Px/

Security Best Practices

Production hardening guidance for secrets management, JWT configuration, policy governance, and network security.

Edit this page on GitHub

Secrets and credentials#

Admin API key

  • Set ADMIN_API_KEY to a cryptographically random value (32+ bytes). Never reuse it across environments.
  • Rotate it by updating the env var and restarting the service. All existing admin sessions are immediately invalidated.

Service API keys

  • Create one key per service — never share keys between unrelated workloads.
  • Revoke keys immediately when a service is decommissioned: DELETE /api/v1/service-api-keys/{id}.
  • Store keys in a secrets manager (Vault, AWS Secrets Manager, GCP Secret Manager). Never commit them to source control or bake them into container images.

Java SDK credentials

  • Pass ADMIN_CLIENT_ID and ADMIN_CLIENT_SECRET as environment variables, not in application.properties.
  • Prefer service API key auth over OAuth2 client credentials for resource registration — it removes the dependency on a live OIDC token endpoint at startup.

JWT configuration#

  • Always set OIDC_ENABLED=true in production. Disabling JWT validation removes all authentication.
  • Use RS256 or ES256 — symmetric algorithms are not supported and should not be used with this service.
  • Keep JWT lifetimes short (5–15 minutes for user tokens). Longer-lived tokens increase the window for token theft.
  • Include only the claims the service needs. Avoid embedding sensitive PII in JWT payloads that are forwarded to Permix.
  • Configure EXCLUDED_ROLES to strip internal service-account roles (e.g. offline_access, uma_authorization) that should not influence policy decisions.

JWKS endpoint security#

  • Ensure your IdP's JWKS endpoint is served over HTTPS with a valid certificate.
  • The ValidatorCache uses the last known-good JWKS as a fallback on fetch failure. Monitor JWKS fetch errors in your IdP logs — extended JWKS unavailability can mask key rotation issues.

Policy governance#

  • Apply least-privilege defaultRoles when registering resources. Start with the minimum roles required and expand as needed.
  • Use ABAC deny policies at high priority to enforce hard constraints that must not be overridden by RBAC rules.
  • Soft-deletes on ABAC policies (deleted_at timestamp) preserve the full history. Query deleted policies for incident analysis and compliance audits.
  • Review GET /api/v1/resources/{id}/policies periodically to identify stale or overly broad RBAC rules.

Network security#

  • Do not expose Permix directly to the internet.
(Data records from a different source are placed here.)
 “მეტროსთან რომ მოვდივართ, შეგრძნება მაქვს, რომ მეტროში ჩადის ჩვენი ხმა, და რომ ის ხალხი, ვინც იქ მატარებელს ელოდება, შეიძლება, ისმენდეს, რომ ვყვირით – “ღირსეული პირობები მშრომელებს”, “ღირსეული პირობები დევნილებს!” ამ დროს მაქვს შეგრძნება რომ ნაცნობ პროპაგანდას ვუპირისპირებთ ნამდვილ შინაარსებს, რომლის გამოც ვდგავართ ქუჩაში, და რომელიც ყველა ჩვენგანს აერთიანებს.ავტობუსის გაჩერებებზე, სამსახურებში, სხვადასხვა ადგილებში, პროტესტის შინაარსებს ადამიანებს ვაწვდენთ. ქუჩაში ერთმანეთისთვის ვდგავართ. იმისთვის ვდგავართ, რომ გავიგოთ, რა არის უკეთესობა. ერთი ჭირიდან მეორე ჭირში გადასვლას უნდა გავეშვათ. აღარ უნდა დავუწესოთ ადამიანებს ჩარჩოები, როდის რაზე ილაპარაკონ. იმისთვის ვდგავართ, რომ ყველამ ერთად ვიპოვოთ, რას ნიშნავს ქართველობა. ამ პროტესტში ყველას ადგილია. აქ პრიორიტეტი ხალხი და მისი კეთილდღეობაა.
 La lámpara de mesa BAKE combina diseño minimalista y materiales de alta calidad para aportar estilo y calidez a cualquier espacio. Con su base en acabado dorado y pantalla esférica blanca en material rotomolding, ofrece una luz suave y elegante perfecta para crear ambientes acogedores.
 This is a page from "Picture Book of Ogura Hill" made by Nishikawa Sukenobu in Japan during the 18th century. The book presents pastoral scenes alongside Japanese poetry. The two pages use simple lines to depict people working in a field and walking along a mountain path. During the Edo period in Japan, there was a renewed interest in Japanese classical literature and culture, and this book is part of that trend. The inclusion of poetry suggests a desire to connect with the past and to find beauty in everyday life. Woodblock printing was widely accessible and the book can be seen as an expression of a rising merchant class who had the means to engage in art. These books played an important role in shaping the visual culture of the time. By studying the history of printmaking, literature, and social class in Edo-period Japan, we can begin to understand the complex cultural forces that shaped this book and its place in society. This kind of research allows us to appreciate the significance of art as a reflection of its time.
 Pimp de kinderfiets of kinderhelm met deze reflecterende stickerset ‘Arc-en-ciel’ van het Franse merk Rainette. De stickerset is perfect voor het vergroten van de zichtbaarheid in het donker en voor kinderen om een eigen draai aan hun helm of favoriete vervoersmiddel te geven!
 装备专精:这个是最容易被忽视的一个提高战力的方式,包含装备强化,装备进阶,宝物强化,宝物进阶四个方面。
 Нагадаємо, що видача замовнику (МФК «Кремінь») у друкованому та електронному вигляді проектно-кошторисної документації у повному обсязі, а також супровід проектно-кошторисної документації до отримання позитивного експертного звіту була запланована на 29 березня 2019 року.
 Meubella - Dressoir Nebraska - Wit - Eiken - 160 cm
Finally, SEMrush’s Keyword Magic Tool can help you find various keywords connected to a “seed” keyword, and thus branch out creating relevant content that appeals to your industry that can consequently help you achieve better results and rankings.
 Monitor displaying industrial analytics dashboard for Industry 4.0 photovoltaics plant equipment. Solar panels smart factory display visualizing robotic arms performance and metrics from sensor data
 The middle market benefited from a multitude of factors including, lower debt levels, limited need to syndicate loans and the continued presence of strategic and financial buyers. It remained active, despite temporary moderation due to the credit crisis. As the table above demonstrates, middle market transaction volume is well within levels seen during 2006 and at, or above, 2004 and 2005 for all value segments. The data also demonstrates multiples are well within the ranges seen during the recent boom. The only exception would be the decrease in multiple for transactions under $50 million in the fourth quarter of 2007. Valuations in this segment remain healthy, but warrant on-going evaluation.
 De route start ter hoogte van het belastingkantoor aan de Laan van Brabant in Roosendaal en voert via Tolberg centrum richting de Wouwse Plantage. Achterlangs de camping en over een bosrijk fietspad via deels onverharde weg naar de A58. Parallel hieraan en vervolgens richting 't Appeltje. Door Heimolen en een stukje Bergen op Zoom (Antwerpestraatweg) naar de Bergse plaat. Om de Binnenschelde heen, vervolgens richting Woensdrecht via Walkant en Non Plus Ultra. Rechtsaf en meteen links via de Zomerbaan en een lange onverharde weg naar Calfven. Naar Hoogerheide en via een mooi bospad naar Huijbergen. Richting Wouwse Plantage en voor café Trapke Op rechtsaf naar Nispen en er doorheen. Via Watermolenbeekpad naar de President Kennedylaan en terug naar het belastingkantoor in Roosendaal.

Place it behind an internal load balancer or service mesh.
  • Restrict access to POST /api/v1/check to trusted internal services only.
  • Protect /admin/* routes with network-level controls in addition to the X-Admin-Api-Key header — admin routes should never be reachable from outside your private network.

Kubernetes deployment#

  • Mount ADMIN_API_KEY, POSTGRES_PASSWORD, and service API keys from Kubernetes Secrets, not ConfigMaps.
  • Configure liveness and readiness probes using /healthz/live and /healthz/ready. The readiness probe checks the database and Casbin engine — do not bypass it.
  • Run the service with a non-root user in the container. The binary has no filesystem writes after startup.

Database security#

  • Create a dedicated PostgreSQL user with minimal privileges for the service database — CONNECT, SELECT, INSERT, UPDATE, DELETE on the authz database only. No superuser.
  • Enable SSL on the PostgreSQL connection (sslmode=require or verify-full).
  • All tenant data rows carry tenant_id. The service enforces this at the query layer, but database-level row-level security can be added as a defence-in-depth measure.

Monitoring and alerting#

  • Alert on a sustained increase in 403 responses from POST /api/v1/check — this may indicate a misconfigured policy or a probing attack.
  • Alert on 503 from GET /healthz/ready — this means the database or Casbin engine is unavailable and all authorizations are failing.
  • Log matched_rule_id from check responses to correlate access decisions with specific policy rules during incident analysis.